__Your instructions__
Retype the listing exactly. Leave out the images.
╭─ Data
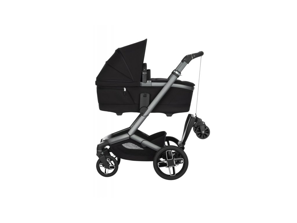 - když stupátko nepoužíváte, sklopíte jej nahoru a uchytíte přiloženým popruhem k rukojeti kočárku
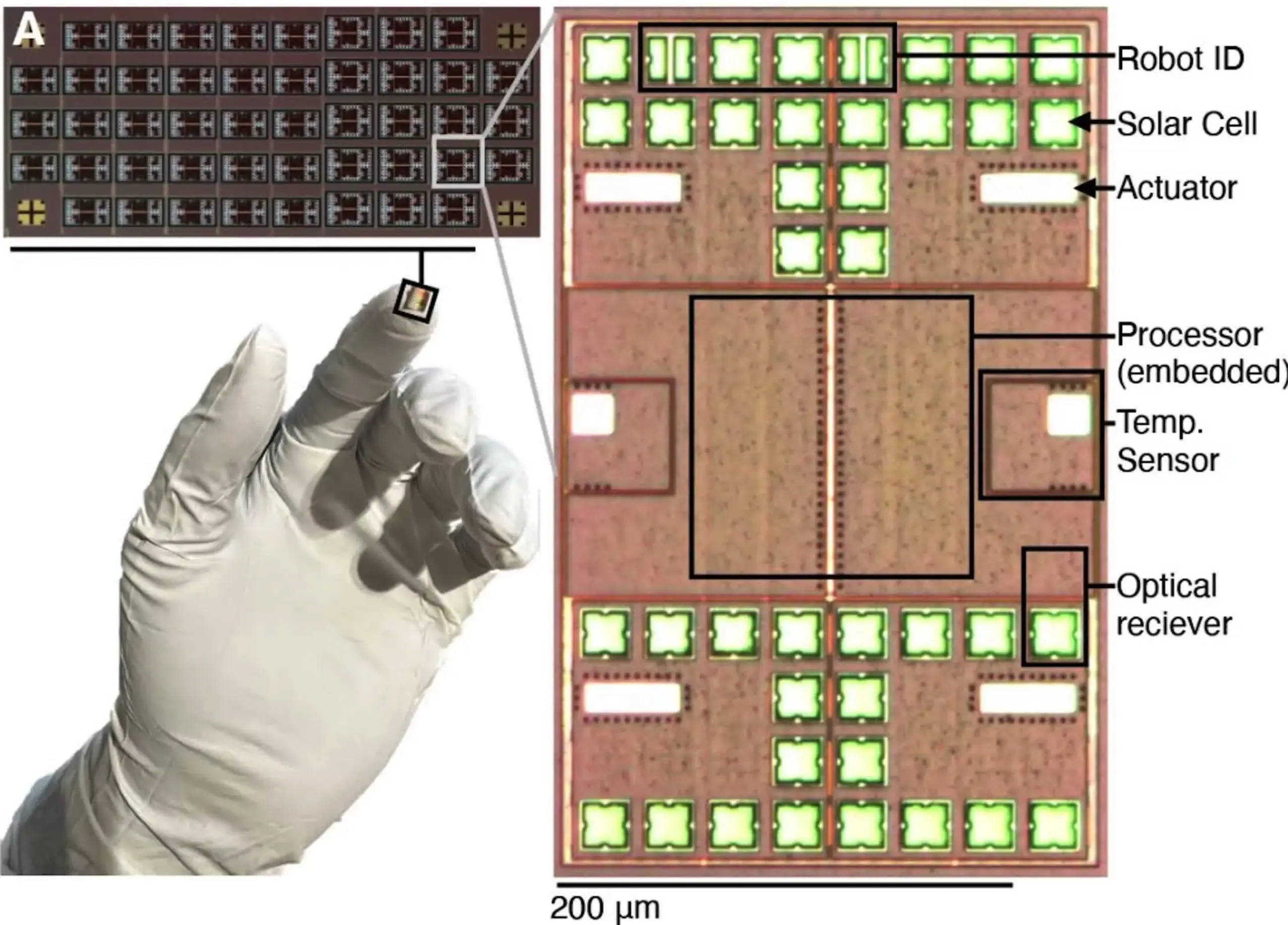 為實現自主性,研究人員整合密歇根大學戴維·布勞團隊的超小型計算機技術,該計算機曾在DARPA會議上被視為互補。太陽能板僅產75納瓦電能——比智能手錶少逾十萬倍——電路卻能在極低電壓下運行,處理器、內存、傳感器與電機全集成於數百微米結構中,能精確至三分之一攝氏度的温度感知,並追蹤熱梯度報告實時數據。
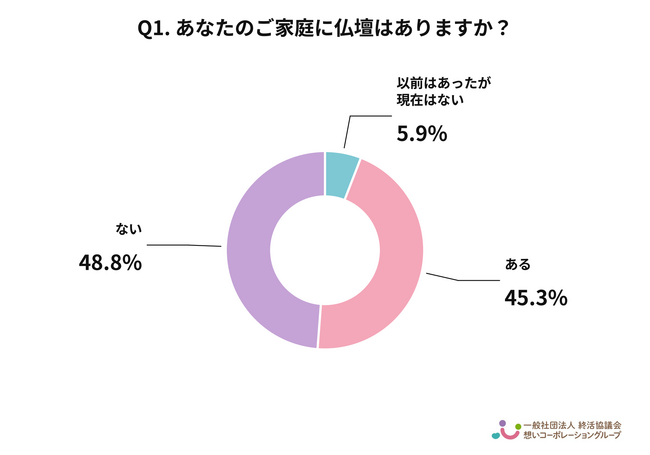 Q1. あなたのご家庭に仏壇はありますか?・ある 45.3%
╰─
__Response__
 - když stupátko nepoužíváte, sklopíte jej nahoru a uchytíte přiloženým popruhem k rukojeti kočárku
 為實現自主性,研究人員整合密歇根大學戴維·布勞團隊的超小型計算機技術,該計算機曾在DARPA會議上被視為互補。太陽能板僅產75納瓦電能——比智能手錶少逾十萬倍——電路卻能在極低電壓下運行,處理器、內存、傳感器與電機全集成於數百微米結構中,能精確至三分之一攝氏度的温度感知,並追蹤熱梯度報告實時數據。
 Q1. あなたのご家庭に仏壇はありますか?・ある 45.3%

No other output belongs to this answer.